Apple, Amazon, and others band together at COP26 to create a market for low-carbon technologies

By Stephanie Mehta

November 04, 2021

A group of corporations, including Apple, Amazon, Bank of America, Delta Air Lines, and United Airlines, have committed to create a market for emerging low-carbon technologies in an effort to stoke innovation in areas such as sustainable fuels, electric vehicles, and other low-emissions technologies.

The announcement is the latest corporate pledge to come out of COP26, the United Nations global warming conference in Glasgow. Earlier this week a group of banks and insurers managing $130 trillion said they would commit to targets to deliver their “fair share of 50% emission reductions this decade.”

The coalition is a partnership of the World Economic Forum and U.S. climate envoy John Kerry.

“We won’t solve it only with governments,” says Antonia Gawel, head of the climate action platform for the World Economic Forum. “We won’t solve it only through private action. We need kind of both, and we need collaboration between the two.”

Gawel notes that the goal of limiting global temperature increase to less than 1.5 degrees Celsius, or 2.7 degrees Fahrenheit (scientists say if temperatures rise above that threshold a global warming crisis with deadly heat waves and food shortages becomes likely), can only be reached with the development of new decarbonizing technologies.
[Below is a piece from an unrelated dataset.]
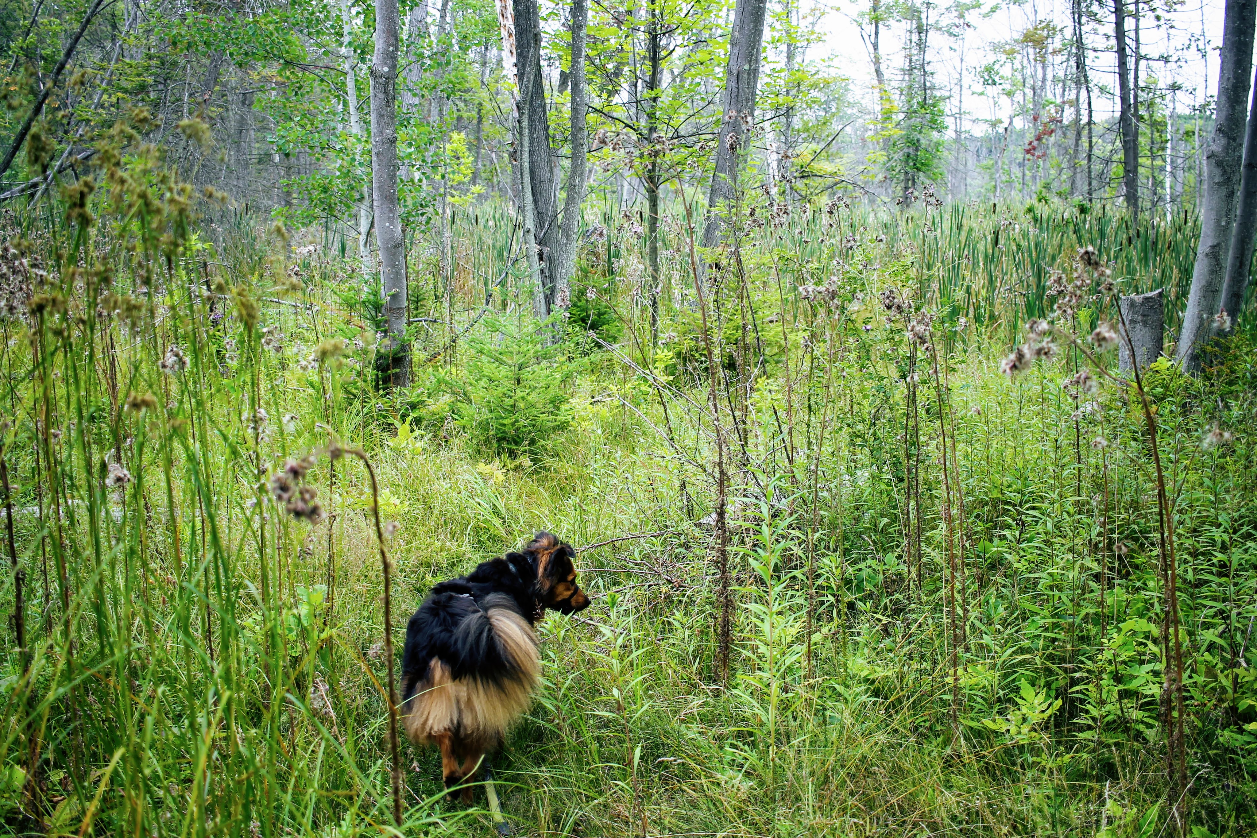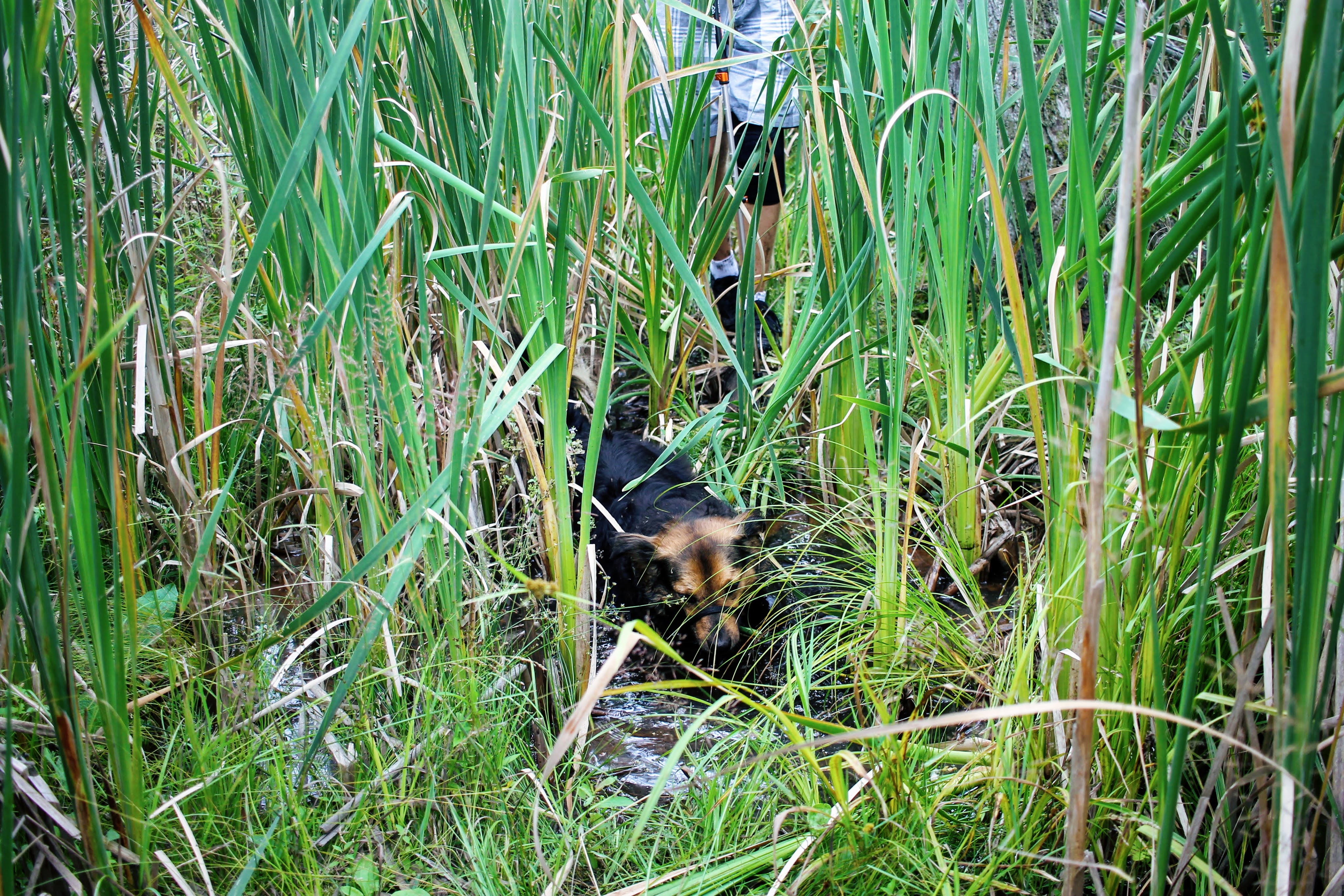 Before we know what’s happening, we are trekking through a literal bog. Ok…maybe not literally. But the beautiful prairie we once found ourselves in was flooded. The trail was but a slight indent in the weeds that we occasionally lost sight of. At times I wished I had a machete to slash through the cattails that obstructed my path. The few log “bridges” were interrupted frequently with puddles of knee deep mud. Gob was in heaven. Mason was not.

The new group, dubbed the First Movers Coalition, can help create demand for these emerging products by committing to buy zero-emission goods and services. Each member of the coalition has made at least one purchasing agreement.

Potential technologies the coalition members can agree to purchase include sustainable aviation fuels, zero-emission heavy-duty vehicles, and near-zero emissions steel.